Frequency Programming
The Simoco FX5000 Base Station
For 2 Metres

By David Osborn - GD4HOZ

The Synthesiser

The FX5000 uses the GEC/Plessey NJ8820 synthesiser IC. This device has the means to interface to a PROM or EPROM to retrieve frequency data stored therein.

The frequency data takes the form of 8 consecutive bytes which, between them, supply the values for 3 variables known as 'R', 'A' and 'M'.

These values are written into internal registers to control the counters which do the work of frequency division.

The 'R' counter divides the external reference frequency down to a value which is usually half the channel spacing (e.g. 6.25KHz for a 12.5KHz channel). Notice, though, that the Reference counter is followed by a fixed, divide-by-two, counter. Because of this, our calculations will focus on dividing the reference oscillator by a value of 'R' which results in a frequency equal to the channel spacing.

The 'M' and 'A' counters perform the task of dividing the external VCO frequency. Since the division of the VCO frequency down to, say, 6.25KHz cannot always be achieved using an even number as a divisor, the 'A' register controls a switchable prescaler which, in the case of the receiver, alters the prescale factor from 80 to 81 by means of the Modulus Control output.
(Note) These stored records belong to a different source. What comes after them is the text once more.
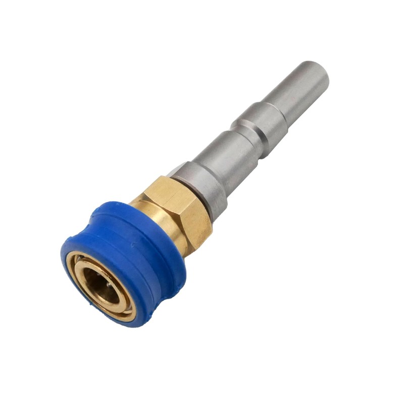 Can be inserted into the original pressure gun of your pressure washer, greatly increasing the possibilities of using optional accessories. The quick connectors are designed for an operating pressure of 250 bar and a maximum temperature of 60°C. Allows the use of optional accessories and quick, tool-free replacement. Whether extensions, nozzles, foam lances, sand blasters, surface cleaner or special accessories, this connection allows you to create completely new possibilities. Box contents: 1 x quick connector to high-pressure gun adapter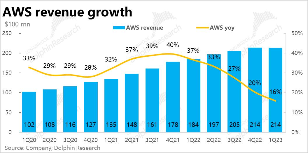 一季度AWS收入214亿美元,增速环比进一步下降4pct到20%。但更值得注意的,AWS营收绝对值本季也环比减少了0.2亿美元,是海豚君可追溯历史中的首次,反复验证了全球云服务需求滑坡的严重程度。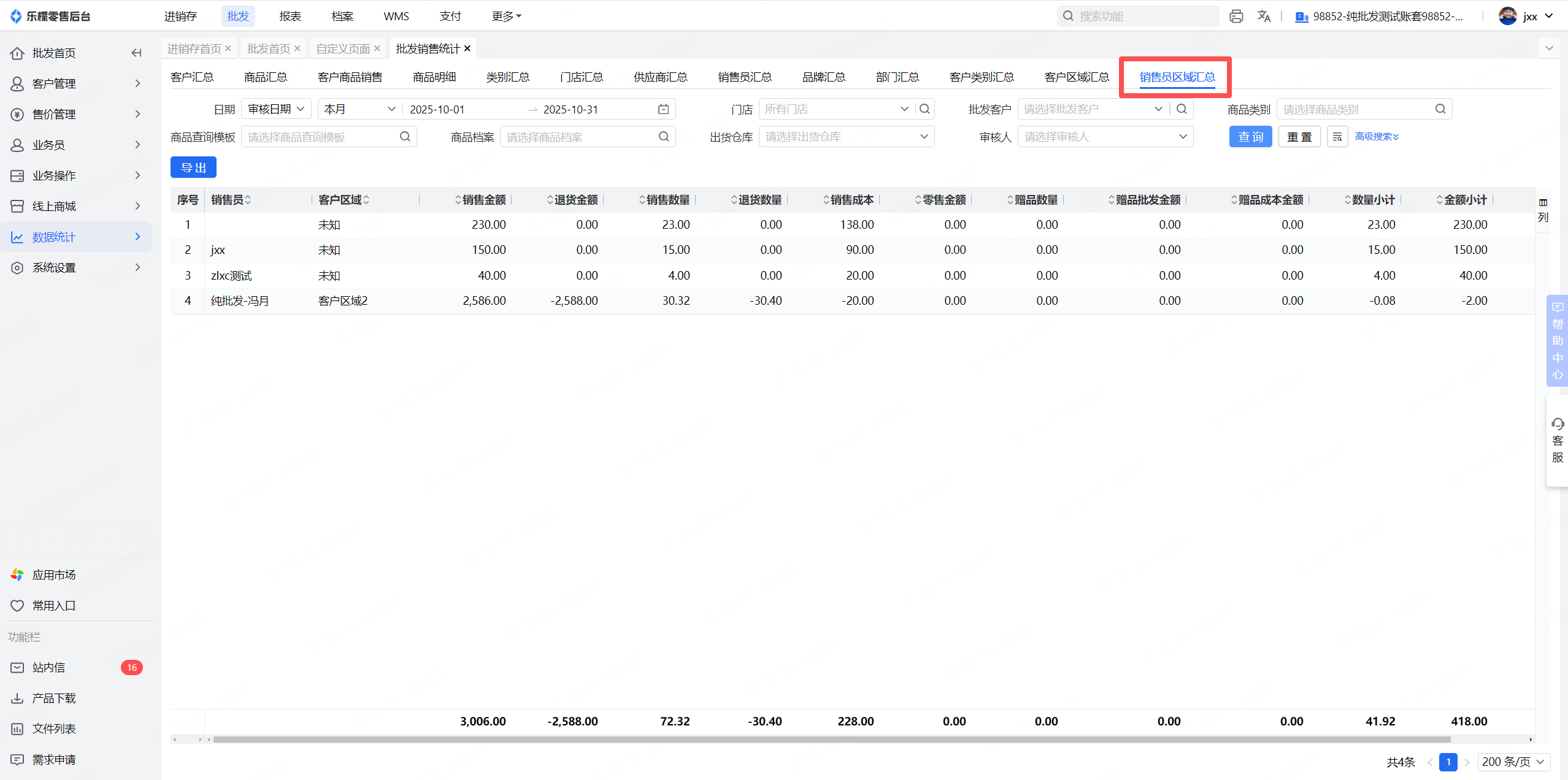 功能路径:批发-数据统计-批发销售统计-销售员区域汇总

More on this topic follows.

NJ8820 Data Format

The table shows how the bits making up the values of R, A and M are split up between the 8 data bytes required by the synthesiser when stored in an EPROM. Most notable is the fact that the bits making up the M value are left-shifted by two bits.

FX5000 notes to bear in mind

General Notes:

The EPROM data is split up into two types: Normal (customer data) and test data.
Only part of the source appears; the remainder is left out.